__Problem statement__.
From the entries that follow, reproduce exactly and only the lines from the line with "Taburete tapizado en" to the line with "For sale: A", endpoints included.

__Dataset content__.
***
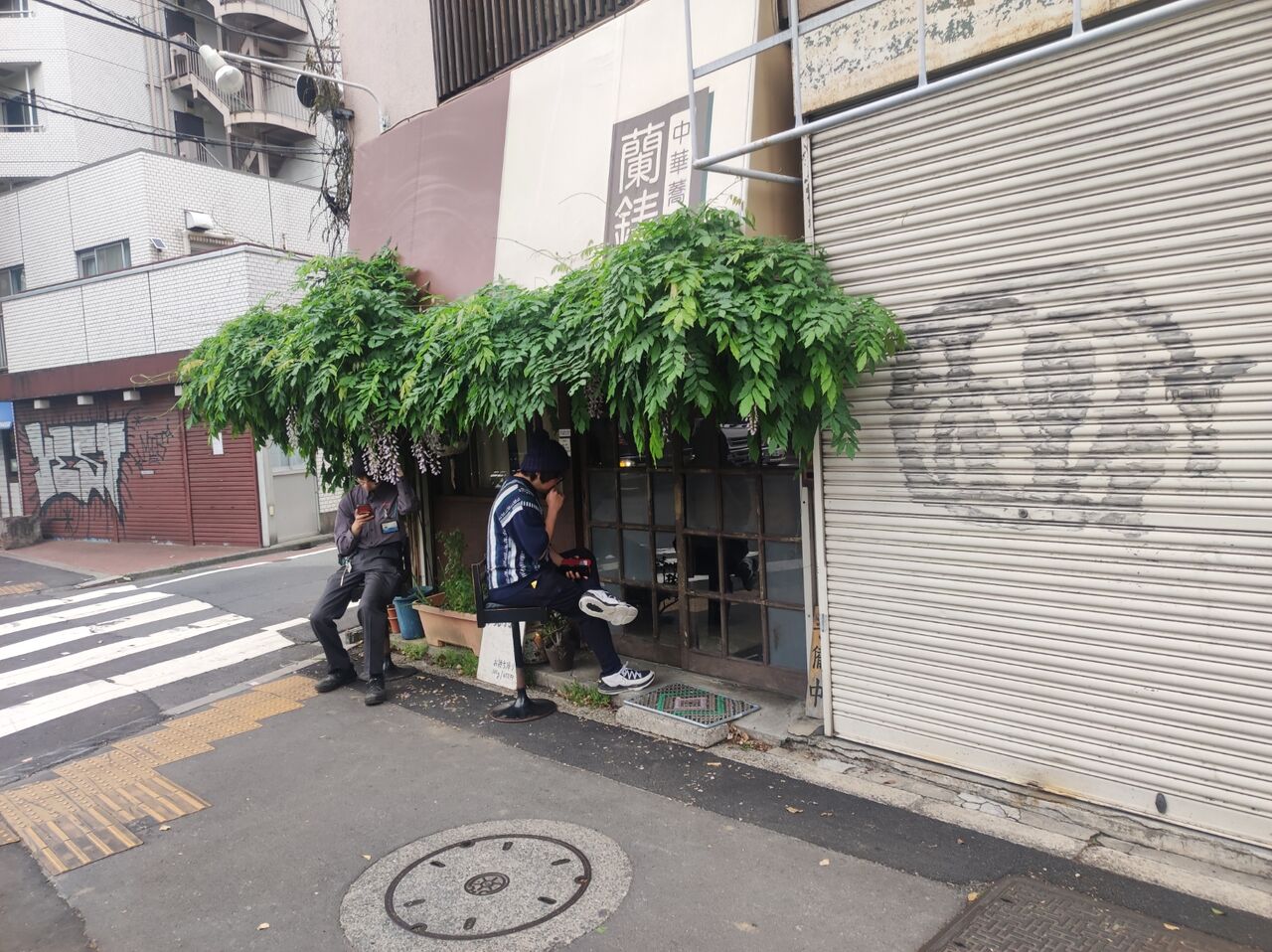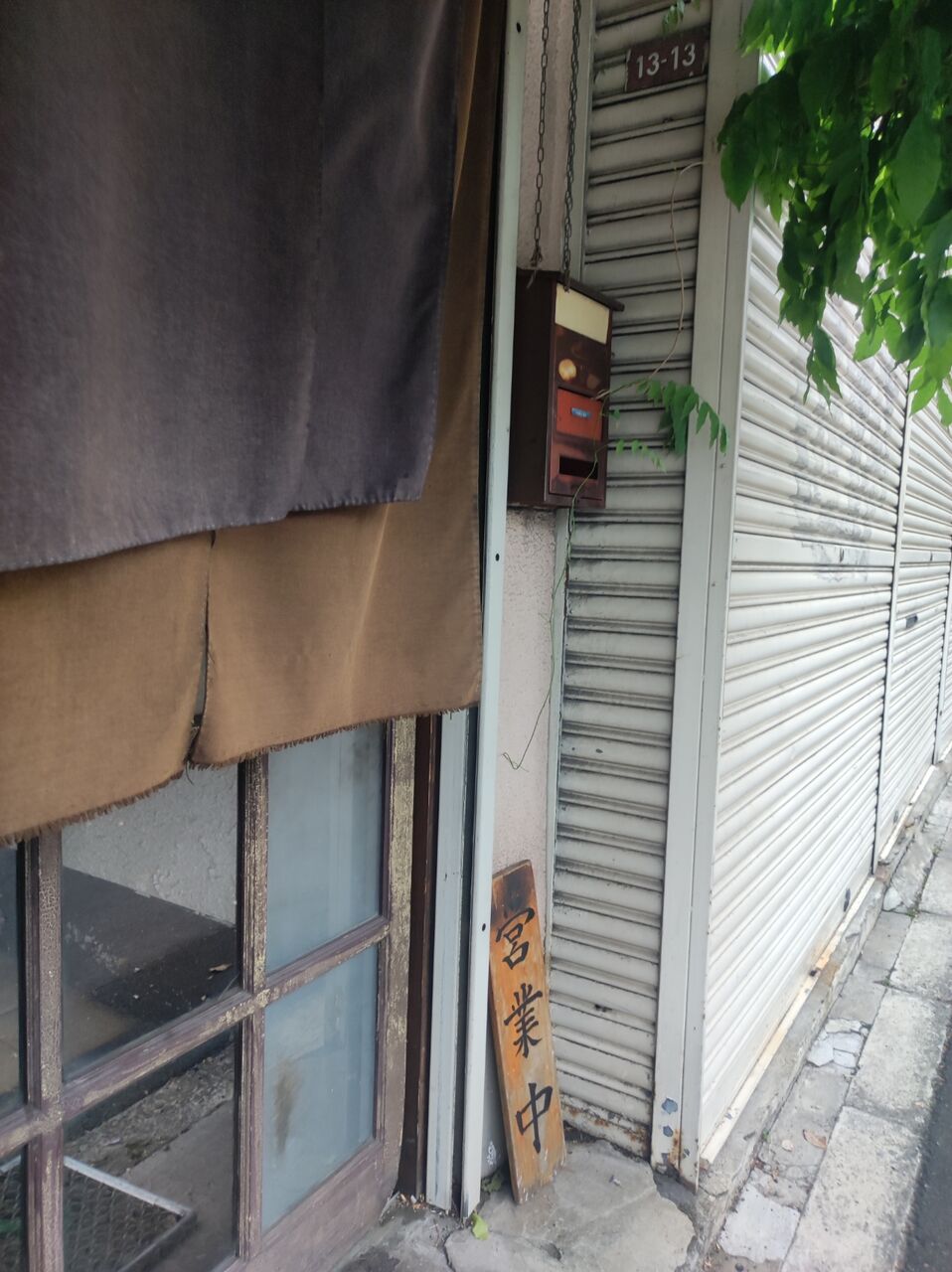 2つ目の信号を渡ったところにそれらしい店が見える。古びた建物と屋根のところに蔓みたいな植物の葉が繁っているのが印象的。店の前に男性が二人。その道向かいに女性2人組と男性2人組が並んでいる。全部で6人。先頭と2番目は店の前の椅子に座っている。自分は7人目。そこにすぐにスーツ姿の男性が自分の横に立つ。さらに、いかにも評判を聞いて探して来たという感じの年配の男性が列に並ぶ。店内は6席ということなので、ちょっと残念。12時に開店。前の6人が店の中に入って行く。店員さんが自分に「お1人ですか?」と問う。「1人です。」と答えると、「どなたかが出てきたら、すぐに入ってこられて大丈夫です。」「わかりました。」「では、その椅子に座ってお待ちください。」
***
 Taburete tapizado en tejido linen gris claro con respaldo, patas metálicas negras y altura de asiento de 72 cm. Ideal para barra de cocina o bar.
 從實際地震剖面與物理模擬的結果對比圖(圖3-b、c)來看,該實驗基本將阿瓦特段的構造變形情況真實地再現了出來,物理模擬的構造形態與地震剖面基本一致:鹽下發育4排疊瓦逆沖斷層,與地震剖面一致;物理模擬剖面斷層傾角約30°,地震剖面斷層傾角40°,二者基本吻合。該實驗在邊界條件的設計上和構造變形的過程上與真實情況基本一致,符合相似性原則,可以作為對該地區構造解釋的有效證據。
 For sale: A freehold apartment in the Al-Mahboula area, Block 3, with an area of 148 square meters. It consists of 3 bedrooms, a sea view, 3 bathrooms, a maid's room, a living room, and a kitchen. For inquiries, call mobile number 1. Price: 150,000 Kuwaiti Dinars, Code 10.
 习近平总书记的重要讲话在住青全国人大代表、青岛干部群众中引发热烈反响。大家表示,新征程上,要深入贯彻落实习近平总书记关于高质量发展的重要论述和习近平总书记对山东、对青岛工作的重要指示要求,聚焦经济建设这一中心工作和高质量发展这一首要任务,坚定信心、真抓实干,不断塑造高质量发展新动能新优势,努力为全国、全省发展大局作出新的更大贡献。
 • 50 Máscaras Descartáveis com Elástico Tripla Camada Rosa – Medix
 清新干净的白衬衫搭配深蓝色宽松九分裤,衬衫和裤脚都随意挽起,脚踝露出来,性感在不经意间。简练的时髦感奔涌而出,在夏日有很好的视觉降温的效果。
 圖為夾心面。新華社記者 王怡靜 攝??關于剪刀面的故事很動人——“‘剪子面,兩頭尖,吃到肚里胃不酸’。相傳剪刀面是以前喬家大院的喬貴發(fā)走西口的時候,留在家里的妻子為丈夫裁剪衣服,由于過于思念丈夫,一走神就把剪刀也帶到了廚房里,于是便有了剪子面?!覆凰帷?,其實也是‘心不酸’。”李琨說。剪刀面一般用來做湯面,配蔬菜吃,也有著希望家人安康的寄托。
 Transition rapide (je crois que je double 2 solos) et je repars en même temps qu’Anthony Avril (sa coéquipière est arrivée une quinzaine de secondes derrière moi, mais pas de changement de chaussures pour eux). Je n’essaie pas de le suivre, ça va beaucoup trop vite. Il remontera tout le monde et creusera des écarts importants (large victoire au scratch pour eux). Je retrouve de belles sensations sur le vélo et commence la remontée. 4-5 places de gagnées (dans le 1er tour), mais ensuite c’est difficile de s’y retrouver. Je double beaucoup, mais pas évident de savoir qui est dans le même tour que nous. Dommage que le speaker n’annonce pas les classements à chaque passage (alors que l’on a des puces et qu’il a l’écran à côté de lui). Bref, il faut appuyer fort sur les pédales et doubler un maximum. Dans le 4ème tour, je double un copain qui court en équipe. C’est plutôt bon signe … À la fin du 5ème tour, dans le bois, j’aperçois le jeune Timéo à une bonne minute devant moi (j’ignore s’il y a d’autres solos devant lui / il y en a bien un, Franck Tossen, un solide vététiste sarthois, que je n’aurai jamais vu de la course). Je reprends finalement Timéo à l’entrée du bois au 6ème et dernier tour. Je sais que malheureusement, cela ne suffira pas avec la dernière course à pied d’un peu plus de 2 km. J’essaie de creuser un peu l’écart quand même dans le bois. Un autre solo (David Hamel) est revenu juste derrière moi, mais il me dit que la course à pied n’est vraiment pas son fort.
***
__Written reply__.
 Taburete tapizado en tejido linen gris claro con respaldo, patas metálicas negras y altura de asiento de 72 cm. Ideal para barra de cocina o bar.
 從實際地震剖面與物理模擬的結果對比圖(圖3-b、c)來看,該實驗基本將阿瓦特段的構造變形情況真實地再現了出來,物理模擬的構造形態與地震剖面基本一致:鹽下發育4排疊瓦逆沖斷層,與地震剖面一致;物理模擬剖面斷層傾角約30°,地震剖面斷層傾角40°,二者基本吻合。該實驗在邊界條件的設計上和構造變形的過程上與真實情況基本一致,符合相似性原則,可以作為對該地區構造解釋的有效證據。
 For sale: A freehold apartment in the Al-Mahboula area, Block 3, with an area of 148 square meters. It consists of 3 bedrooms, a sea view, 3 bathrooms, a maid's room, a living room, and a kitchen. For inquiries, call mobile number 1. Price: 150,000 Kuwaiti Dinars, Code 10.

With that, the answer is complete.